I deal with these concerns in my medical practice, putting risk in perspective, soothing concerns, countering doomsday proclamations coming from our government via the media.

After all, courage and optimism are at the heart of American history; we own the resolve that won us two world wars and is on the verge of defeating this virus now. I call it the “95 percent group,” of which I am a confirmed member — 95 percent chance that I am immune after taking the vaccine, that I am no longer potentially putting others at risk by transmitting viral particles. This is the group that feels so protected by the proven immunity of this vaccine that we are not afraid to venture out. 
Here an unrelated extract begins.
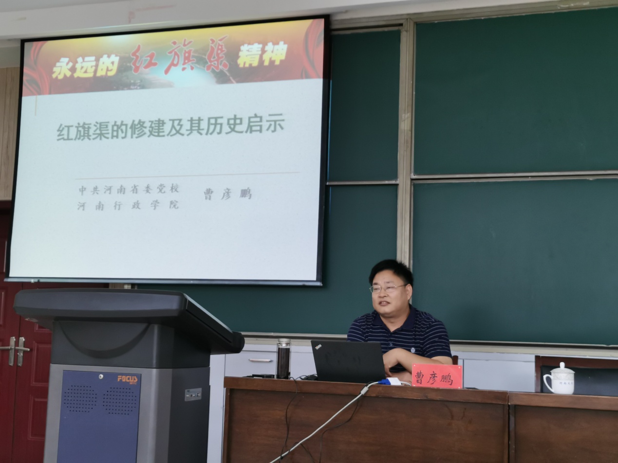 曹彦鹏博士曾担任红旗渠干部学院副院长,多年来一直致力于红旗渠精神的研究和传播,在该领域久负盛名。他热爱红旗渠,研究红旗渠,在红旗渠干部学院工作期间,为讲好红旗渠精神这门课,他对红旗渠的修建历程和红旗渠精神的孕育形成进行了全面系统、深入细致挖掘、整理和研究,相关课程曾获全省理论课第一名。本次报告主要讲述了红旗渠修建的历史背景,伟大实践铸就精神,红旗渠精神的历史启示等三个方面。

The science tells us so. This is why we defy the 5 percenters, including some public health officials who feel compelled to point out that there is still too much virus around to be absolutely sure about discarding our year-long constrictions and refusing to join the road to our renewed freedom. Their ultra-cautious reality not only ignores the tremendous financial, emotional and physical costs of restrictions — even among the fully vaccinated — but is also at odds with the clinical trials and the real-world data that, for example, led Israel to reopen with very few new COVID-19 cases, despite the world death rate reaching 3 million.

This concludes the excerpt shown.